Don't do it on the cheap.
 Do it as inexpensively as possible but never sacrifice doing it RIGHT!

 .


----------



## The Hemp Goddess (Dec 13, 2014)

If you are in a garage space that gets down into the 40s, the insulation is a good idea.  You will probably still have to add heat during lights out.  You may have to add it during lights on if you run LEDs.

I do not believe that you actually save on wattage with LEDs.  I was told that would need about the same "working wattage" with LEDs that I need with HPS.  Looking at a 700W for 7 or so sq ft (working wattage about 350) or a 400W HPS.  For a garage grow in the winter, I would be looking at HID--you are going to need the heat.  

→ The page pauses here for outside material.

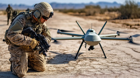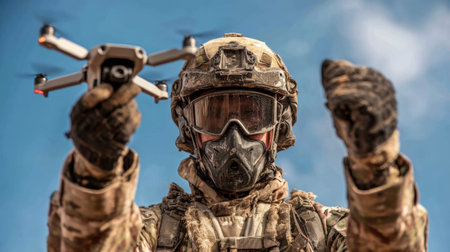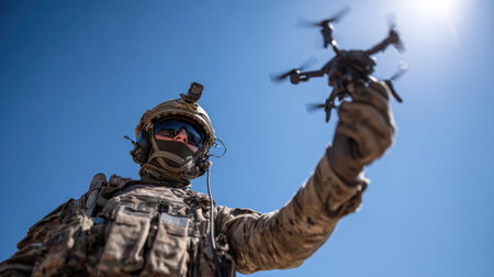 A soldier dressed in tactical gear and a mask controls a small drone in a desert setting. The clear blue sky contrasts with the sand, highlighting the modern military technology in use.
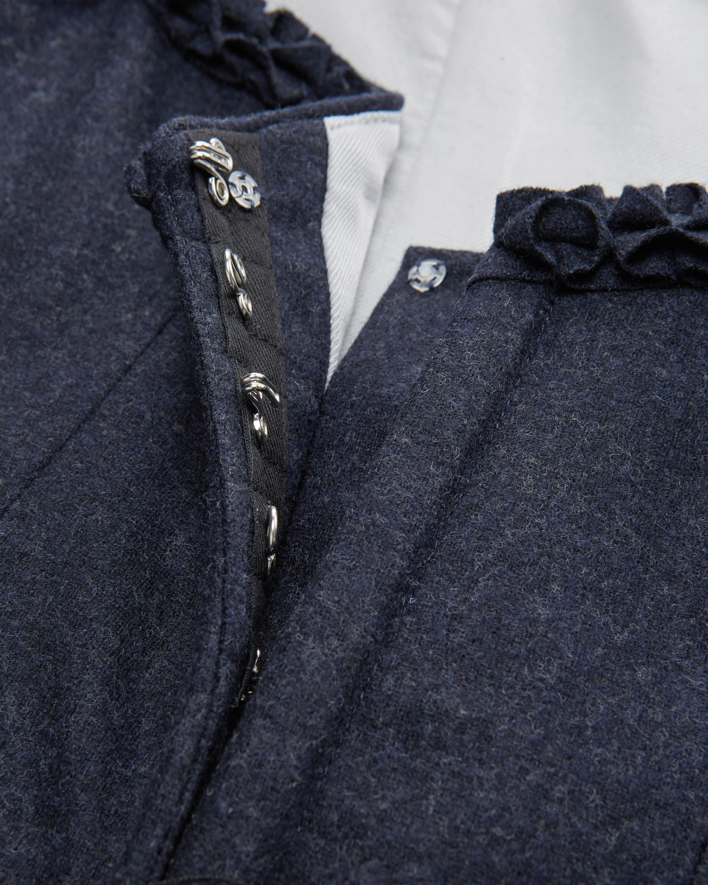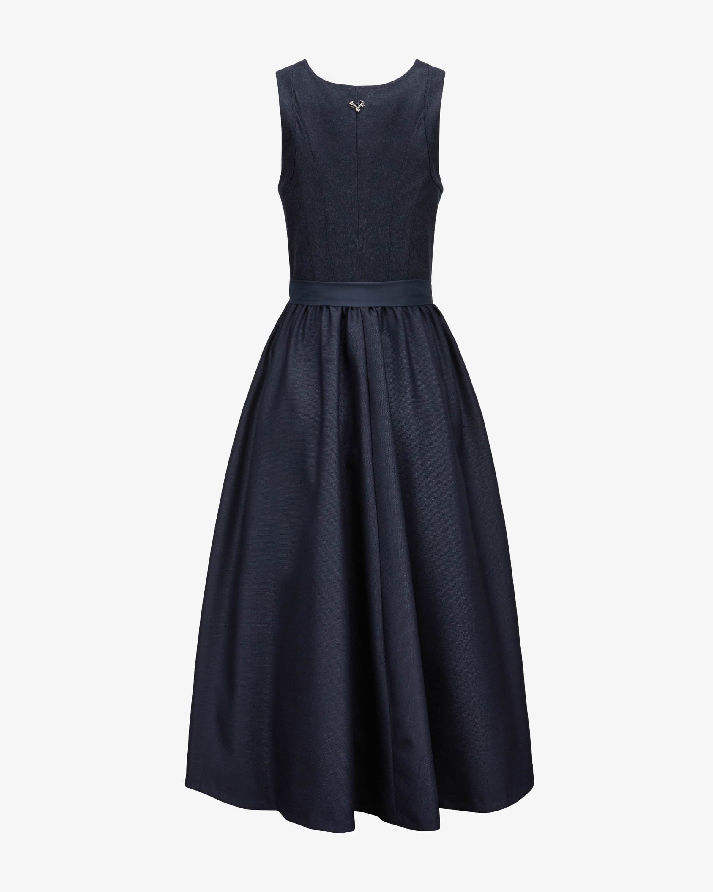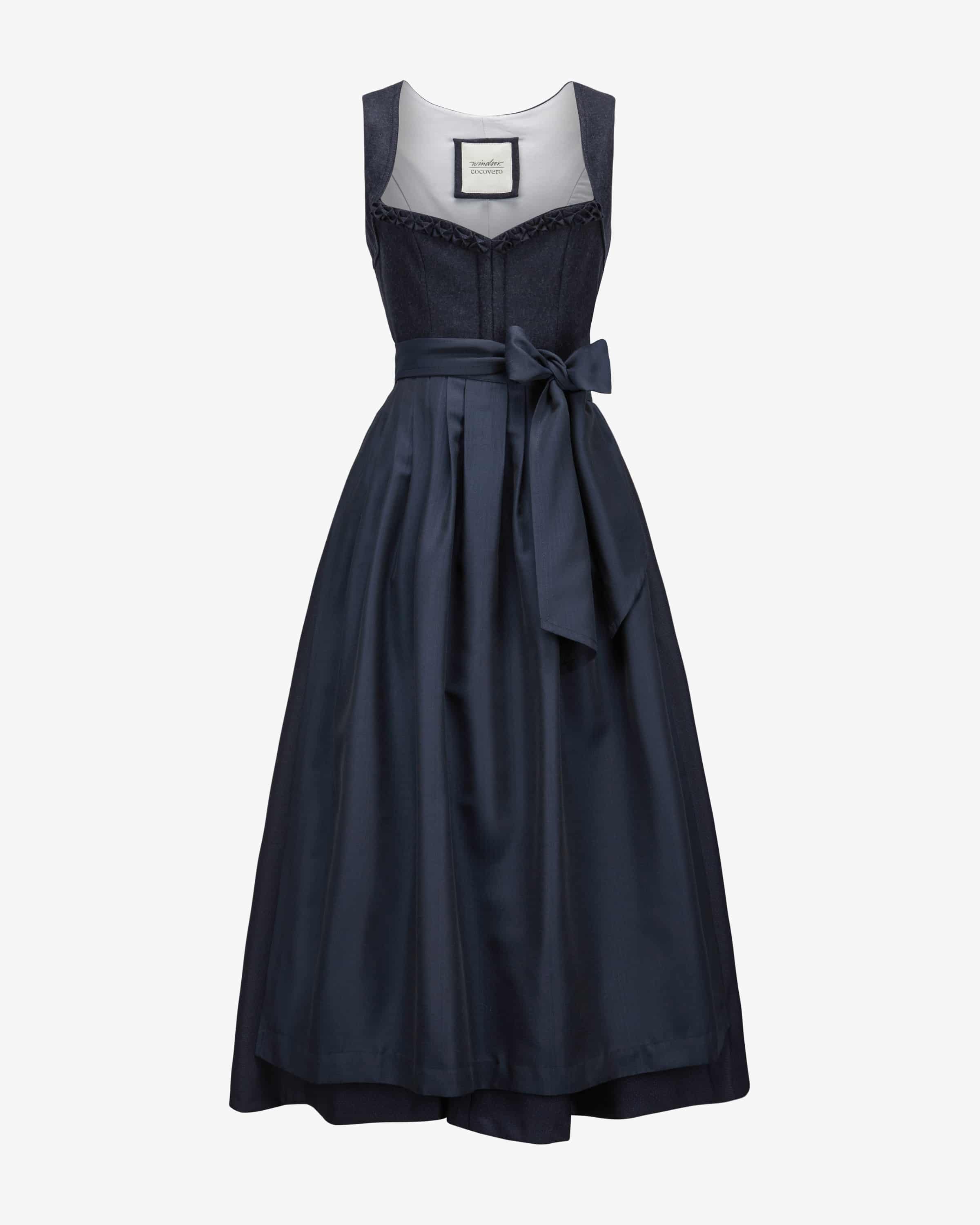 Annelie Woll-Dirndl lang mit Schürze für Damen von Windsor in Navy. Das Modell punktet dank hochwertiger Woll-Qualität und fein gemustertem Rock in femininer Aufmachung, während tonige Froschgoscherl-Borten den traditionellen Charakter stilvoll untermalen. Zugleich vollendet die dezent changierende Schürze mit Streifenmuster den Trachten-Look gekonnt.

T5s will not save you any money either--they will actually cost more to run as their lumen output per watt is substantially less.  I really would run a 1000W or 2 600W in that space.  A 1000W will cost quite a bit less than 2 600w.  While technically a 600W will give you 5000 lumens per sq ft, most of us run more light than that.  I run a single 1000W in a space about 3 x 6.   I bought a 2' 12 tube T5 (30,000 lumens) to use in a space that is 5 sq ft.


----------



## Joe420Camel (Dec 13, 2014)

I see your side.

We come @ this from opposite sides THG, I've never run HPS and (I believe) you have never run LED.


mrcane, (winter?) low temps are in the "mid 40's" ---> how about your summer highs?? (if the garage isn't heated, I doubt it's cooled)
lets see if there are issues on the hot side that might point us (you) in one direction or the other.


also, I would be interested to know the level of Stealth you are thinking of.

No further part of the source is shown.